AI Agents With ‘Multiple Selves’ Learn To Adapt Quickly In A Changing World

Our adaptability to an ever-changing world is a superpower that currently escapes most AI agents. Even the most sophisticated AI agents break down-or require untenable amounts of computing time-as they juggle conflicting goals.

Although able to learn from its mistakes, the AI struggles to find the right balance when challenged with multiple opposing goals simultaneously. In a new study published in PNAS, the team took a page from cognitive neuroscience and built a modular AI agent.

Rather than a monolithic AI-a single network that encompasses the entire “Self”-the team constructed a modular agent, each part with its own “Motivation” and goals but commanding a single “Body.” Like a democratic society, the AI system argues within itself to decide on the best response, where the action most likely to yield the largest winning outcome guides its next step.

By deconstructing an AI agent, the research doesn’t just provide insight into smarter machine learning agents.

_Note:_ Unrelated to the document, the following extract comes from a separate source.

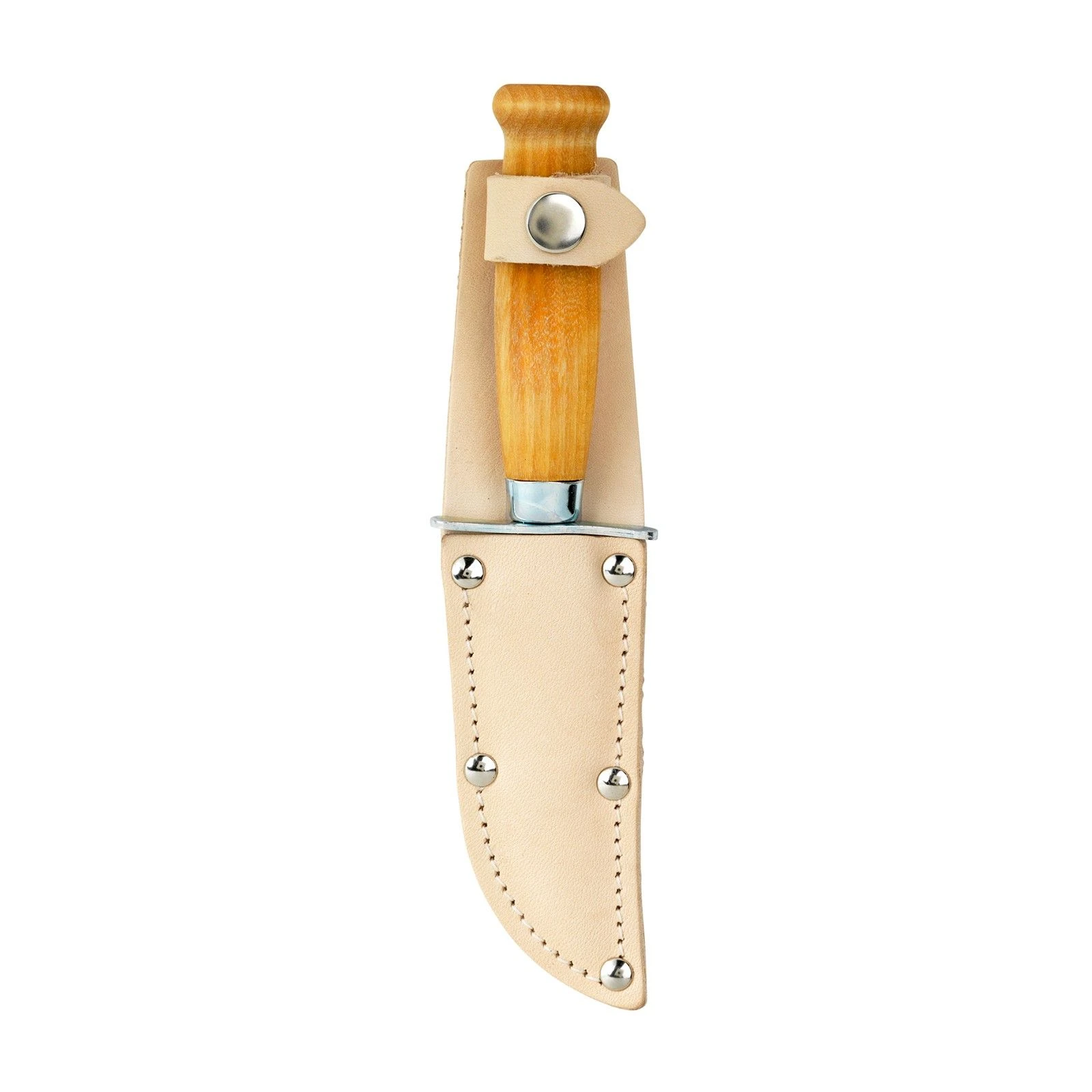 Kniven har rustfrit blad, skaft i bøg og lys læderskede.

In a sense, the monolithic agent is a unified brain that tries to maximize the best outcome after simultaneously processing all resources in tandem.

The opponent: modular AI. Like an octopus with semi-autonomous limbs, the AI agent is broken down into sub-agents, each with its own goals and feedback.

To make it a fair fight, each module is also trained with DQL. The separate “Brains” observe their surroundings and learn to select the best option-but only tailored to their own goals.

The solution with the potential optimal outcome is then selected, piloting the AI agent on to its next choice. Each AI agent roams around a two-dimensional grid that has different types of resources hidden in some regions. The goal is to keep the agent’s four stats at their set level, with each gradually decreasing over time.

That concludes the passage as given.